After running a short distance, Suzy stopped. She couldn’t see more than a few yards in any direction; she looked at the jungle floor, littered with leaves, then looked up at the fragile silver threads that spiders had woven from tree to tree. She was frightened of being alone in the quiet, green menace. Although, come to think of it, she had always felt as alone as she did now. Those athletic bitches, Carey and Patty, had teamed up together to hunt, while Annie and Silvana were never apart, as they squatted around the fishpot or hacked at bamboo—give each of them a wooden spoon and an apron, and they’d hardly notice that they’d left Pittsburgh.
However, nobody seemed to want Suzy along. Fetching the water was a boring, solitary job. Suzy never thought she’d feel sorry for herself because a bunch of women were neglecting her.

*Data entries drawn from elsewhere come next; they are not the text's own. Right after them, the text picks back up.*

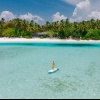 Двуспальная кровать, гостиная зона с креслами, ванная комната с душем и джакузи на свежем воздухе, меблированная терраса, частный бассейн, новая категория 2022 года (гости данных номеров питаются в ресторане для гостей водных вилл);
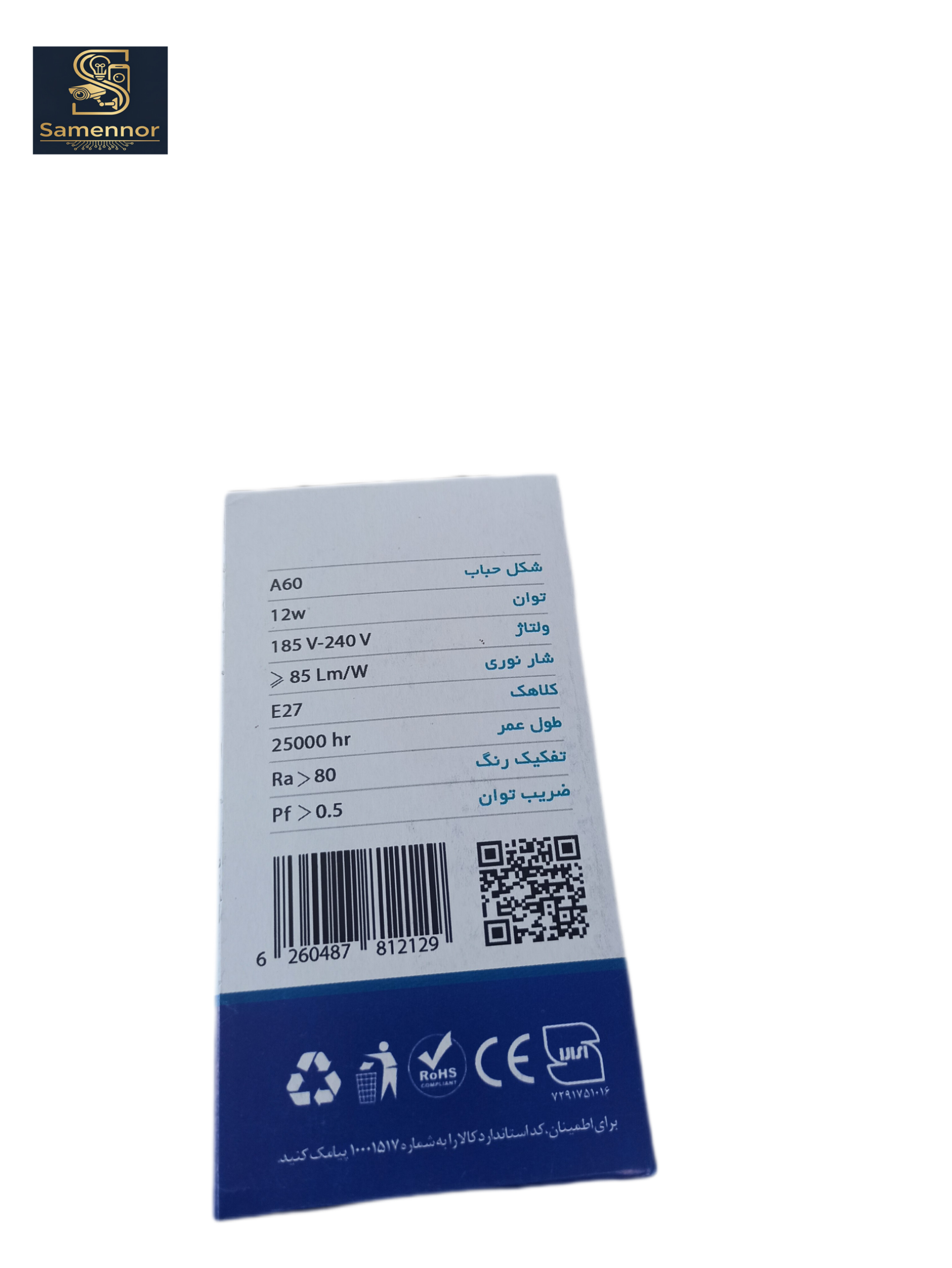 لامپ LED حبابی ۱۲ وات مهتابی ماهک
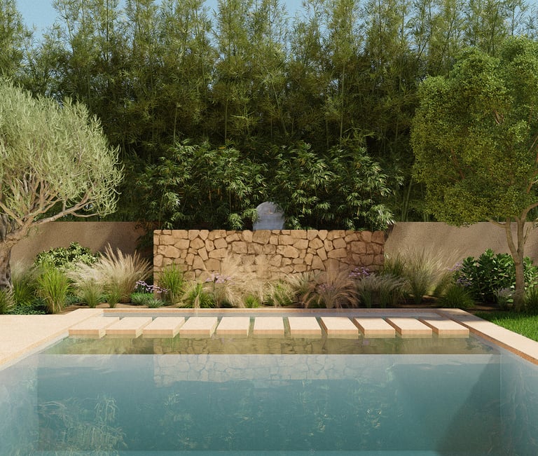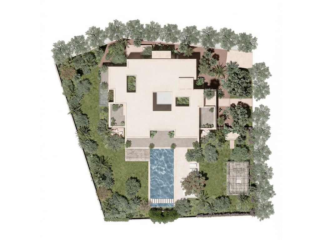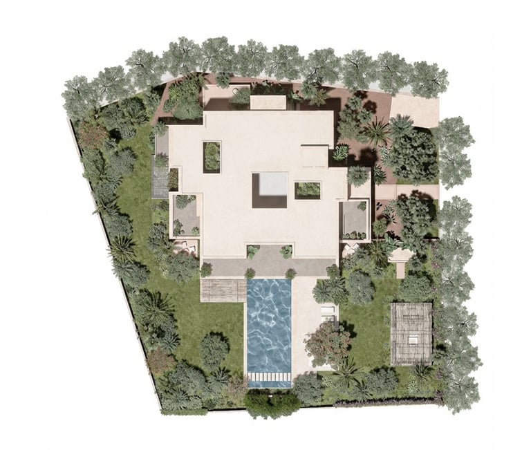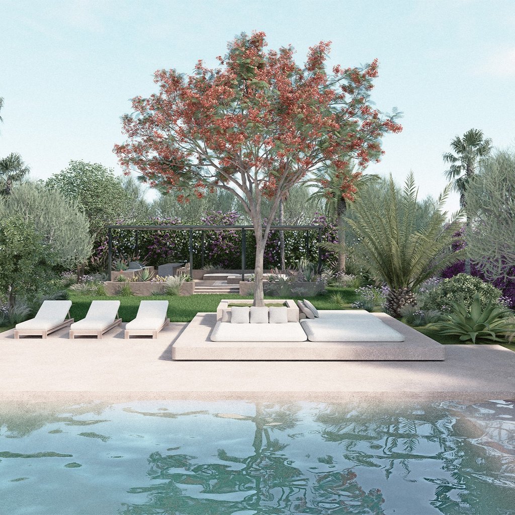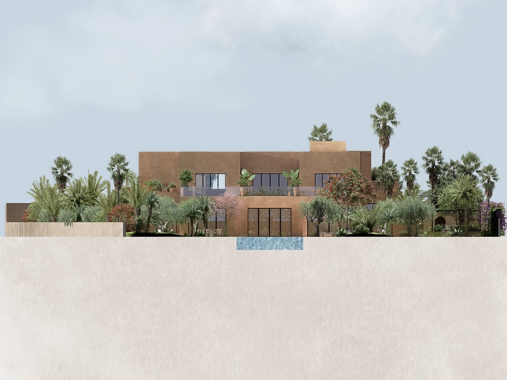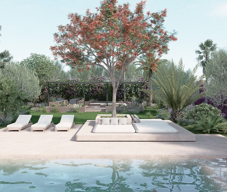 La palette végétale associe arbres remarquables, palmiers majestueux et plantations adaptées au climat marocain, créant un équilibre entre fraîcheur, ombrage et sobriété hydrique. Le dialogue entre végétation luxuriante et espaces de jardin sec méditerranéen permet d’alterner densité végétale et respiration minérale, renforçant la lecture architecturale du lieu. Les matériaux nobles, pierre naturelle, revêtements minéraux, textures brutes et finitions haut de gamme, structurent les perspectives et valorisent chaque scène paysagère.

The hell with them, she told herself.
* * *
Almost an hour later, a grinning Suzy appeared out of the jungle, clutching at her middle. Jonathan had already gone off to fell trees, and the other women were about to start their chores.
“Hey, look what I’ve brought!” Suzy popped her hand down her shirtfront and pulled out a plum-size fruit with a dusky purple skin.
“They taste great,” she said. “Like a persimmon, but without a kernel.”
“Fruit! That’s wonderful,” Patty cried. “I’ve been really worried about vitamin deficiency.”